26.09.2011 - UNESCOPRESS

Irina Bokova expressed her sincere condolences on the passing of Wangari Maathai

© Martin RoweWangari Maathai was the 2004 Nobel Peace Prize winner

The Director-General of UNESCO, Irina Bokova, expressed her deep sadness and sincere condolences on the passing of Ms. Wangari Maathai, who died on 25 September 2011 at the age of 71.

Professor Wangari Maathai was the first African woman to win the Nobel Peace Prize. This was awarded to her in 2004 in recognition of her work for sustainable development, democracy and peace. Her tireless work in pursuit of these values, through her Green Belt Movement, founded in 1977, as well as numerous other activities, also earned her a nomination as a United Nations Messenger of Peace in 2009.

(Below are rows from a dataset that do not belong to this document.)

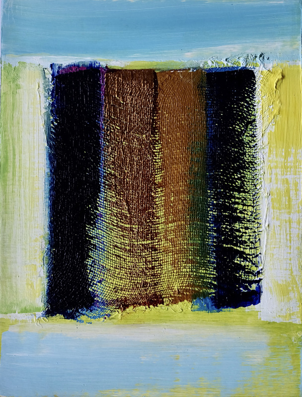 Pilgrim Cello also includes a collaboration with artist Gillian Lever (www.leverarts.org). Resulting from a creative dialogue starting in 2024 Gillian developed a set of seven small Seven Last Words abstract paintings that were exhibited as an integral part of each Meditation. The Seven Last Words paintings made the journey on my bike in a specially designed reliquary.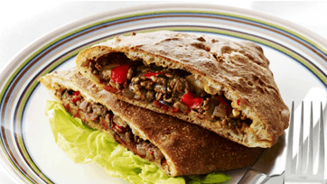 Fordel kødblandingen på halvdelen af dejen, fold sammen og "lim" dem sammen med lidt vand og pres ned med en gaffel rundt i kanten. Læg calzonen på en bageplade med bagepapir og bag den i ovnen ved 200°, til den er gylden.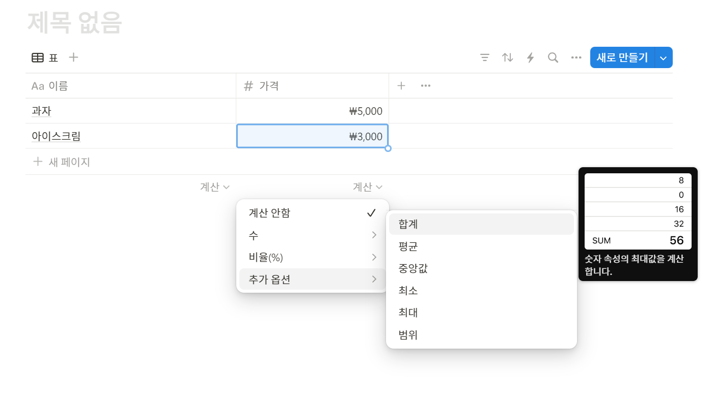 엑셀은 함수를 입력해야하지만 노션은 클릭 몇 번으로 가격이나 숫자 합계를 구할 수 있거든요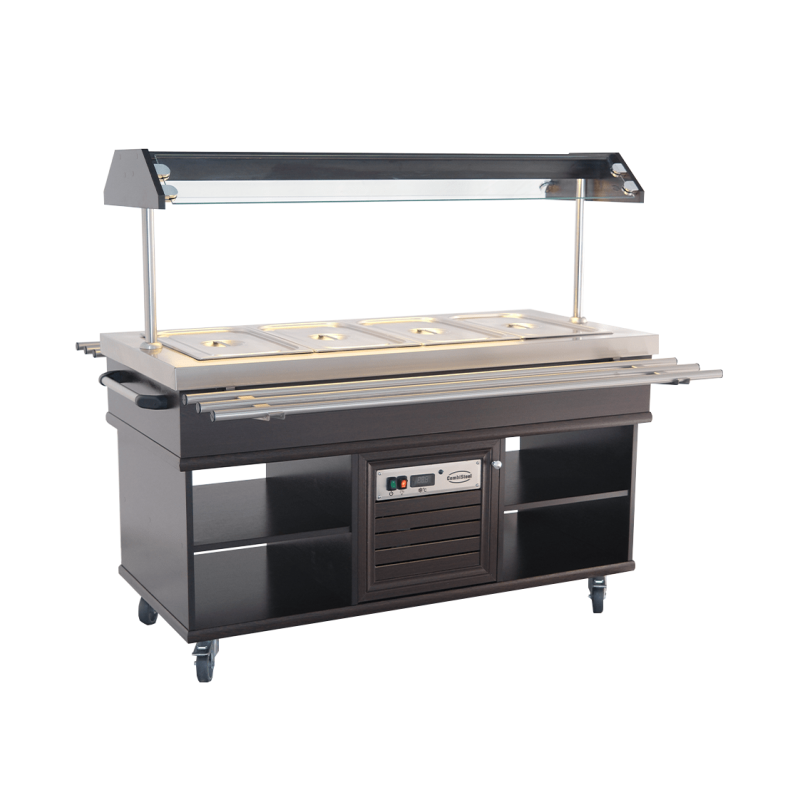 Équipé d'une technologie de chauffe par bain-marie, le chariot maintient les aliments à des températures contrôlées, variant de 30°C à 90°C. Cette plage de température garantit non seulement la qualité gustative des plats mais aussi leur sécurité sanitaire. Le système d'éclairage intérieur LED met en valeur les mets, captivant l'attention tout en facilitant le choix des options par les invités.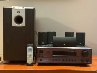 Sistema de cine en casa con altavoces y receptor. Onkyo TX-DS494: amplificar el sonido de diversas fuentes y distribuirlo a un conjunto de altavoces para crear una experiencia de audio inmersiva. Amplifica el sonido: Aumenta la potencia de las señales de audio para que puedan ser reproducidas a través de altavoces, ofreciendo 55 vatios por 5 canales. Decodificación de sonido envolvente: Procesa formatos de audio multicanal como Dolby Digital, DTS y Dolby Pro Logic II. Subwoofer JBL SUB 138 (el cable de red está empalmado como se ve en la foto) 5 altavoces JBL SCS138 Todo el conjunto 110 € Subwoofer: 60 € Altavoces: 30 €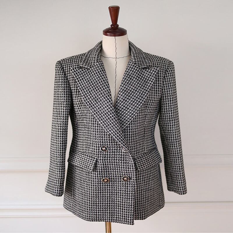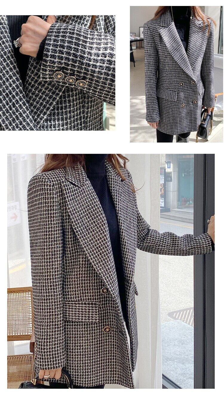 新着韓国ファッション冬 OL プロフェッショナル ジャケット気質ダブル ブレスト ルーズ ジャケット千鳥格子厚いコート ウィンター 冬物

Ms. Maathai fought tirelessly to challenge gender inequality by providing positive examples of women’s achievements. She put this into practice through the Green Belt Movement, which encouraged poor rural women to plant trees and to utilize natural resources in order to overcome problems of poverty and hunger. She argued that these examples of women’s achievements should provide a powerful message to men, and for women themselves. In 2005, Ms. Maathai was a keynote speaker at the International Scientific Conference on biodiversity held at UNESCO in the presence of the French President Jacques Chirac, other dignitaries, and scientists.

Wangari Maathai was an outstanding example to all. She was a pioneer, a visionary and a leader. She showed through her life and her work how individuals can work for a culture of peace, and promote gender equality and environmental reform. In all of this, she incarnated the core values of UNESCO and the priorities that guide the Organization’s work.

The Director-General stated that UNESCO would continue to work in support of Wangari Maathai’s legacy in Africa and beyond.